:: ENTRIES SHOWN ::

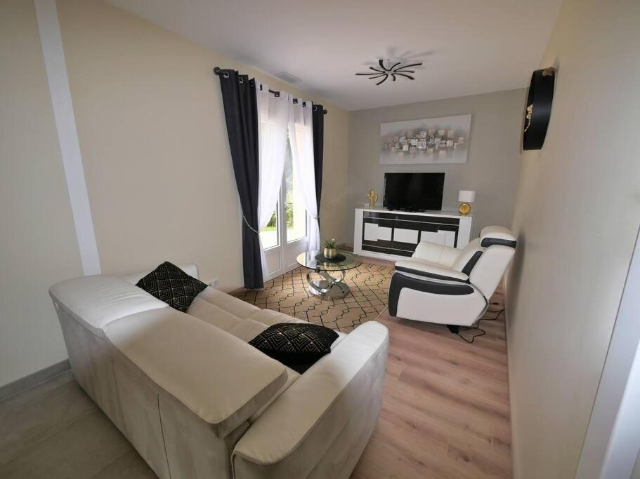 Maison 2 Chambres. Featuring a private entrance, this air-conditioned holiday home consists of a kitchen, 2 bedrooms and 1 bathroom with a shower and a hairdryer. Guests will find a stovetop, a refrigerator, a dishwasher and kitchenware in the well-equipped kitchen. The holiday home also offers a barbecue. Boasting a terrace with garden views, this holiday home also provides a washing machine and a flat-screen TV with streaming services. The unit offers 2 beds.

:::
:: ENTRIES SHOWN ::

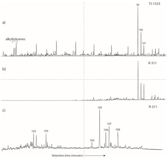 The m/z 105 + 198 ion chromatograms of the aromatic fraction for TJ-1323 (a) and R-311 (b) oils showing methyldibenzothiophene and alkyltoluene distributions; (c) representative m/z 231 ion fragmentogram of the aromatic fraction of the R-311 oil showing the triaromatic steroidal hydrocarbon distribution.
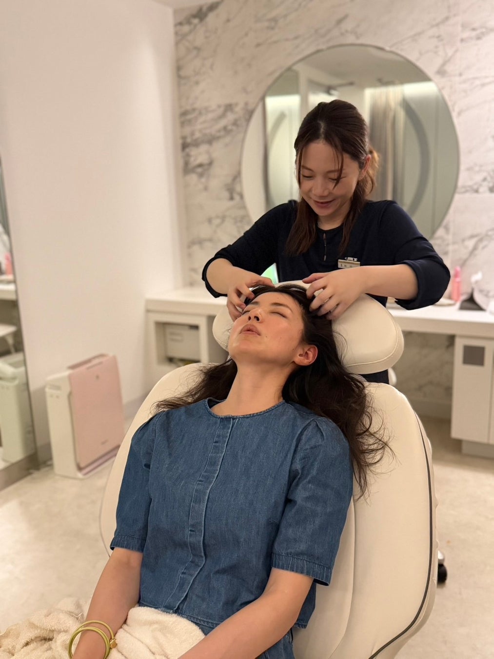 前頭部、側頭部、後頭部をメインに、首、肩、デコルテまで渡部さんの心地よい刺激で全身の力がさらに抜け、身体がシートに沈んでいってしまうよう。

:::

Everything from the line above that contains "The m/z 105" down to the line that contains "前頭部、側頭部、後頭部をメイ" must be reproduced exactly, both ends included. Omit the pictures.

SOLVED EXERCISE:
 The m/z 105 + 198 ion chromatograms of the aromatic fraction for TJ-1323 (a) and R-311 (b) oils showing methyldibenzothiophene and alkyltoluene distributions; (c) representative m/z 231 ion fragmentogram of the aromatic fraction of the R-311 oil showing the triaromatic steroidal hydrocarbon distribution.
 前頭部、側頭部、後頭部をメインに、首、肩、デコルテまで渡部さんの心地よい刺激で全身の力がさらに抜け、身体がシートに沈んでいってしまうよう。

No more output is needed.